こちらの再生リストに各言語版も入っているので、よかったら他の言語のバージョンも見比べてみてください。(※映像の内容は各言語版共通です)

再生リスト「トレイラー」

 

 

ところで、このトレイラーのゲーム画面ってどうやって撮影してんの?

なんかこういう、トレイラー用にサクッと欲しい画面を録画できる便利なプログラムがあるの?
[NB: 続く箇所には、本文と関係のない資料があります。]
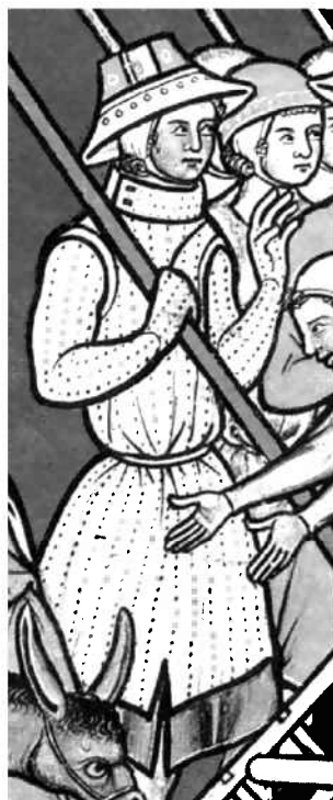
1. Maciejowki Bible, 1250. I think this is quilted but it could be a coat of plates. This armor is depicted many times in this bible but it’s definitely for lower class solders.

These three images are often used as examples of period gambesons. They are a good starting place though each image has it’s problems.

……実はそんなことなく、プレイヤーの皆さんと同じようにSteamでゲームを自分でプレイしながら画面を録画しています!!

 

 

~撮影中よくあるNG集~

・あ!! やべえ、このカット名前がヤマムラになってた……!

・タイピングシーンをかっこよく撮影しようとして、ミスタイプを連発

・焦るとますますミスして、しょぼマインドハッカーが映像に記録されてしまう

・プレイ動画撮ってたらバグ(精神ではなくゲームの)見つけちゃった……

・1時間かけて通しプレイ動画を撮っていたつもりが、1時間デスクトップの虚無を撮影し続けていた。膝から崩れ落ちる紅狐

・プレイ動画の撮影中に限って宅配便が届く

・プレイ動画の撮影中に限ってメールの通知が映り込む

・あ!! マウスカーソル映ってた……!!

・プレイ動画の撮影中、横で聴いている作業用BGMが思いっきり一緒に収録されてビックリする

・あ!! やべえまたヤマムラがヤマムラになってる!!

・全てを撮影したあと、いざ編集を始めて気づく「このカット、うしろが0.5秒くらい足りない……」

 

 

トレイラーの公開前は「大丈夫か? 映っちゃいけないもの(ヤマムラとかマウスカーソル)が映り込んでないか?」をよくよくチェックします。それもこれも本編初プレイのときの驚きを皆様にお届けするのが目的です。

 

さーて第7章はどんなトレイラーにしようかな。まだまだアップデートは先のお話になりますが、ぜひともお見せしたいシーンがたくさんあるので、どうぞお楽しみに!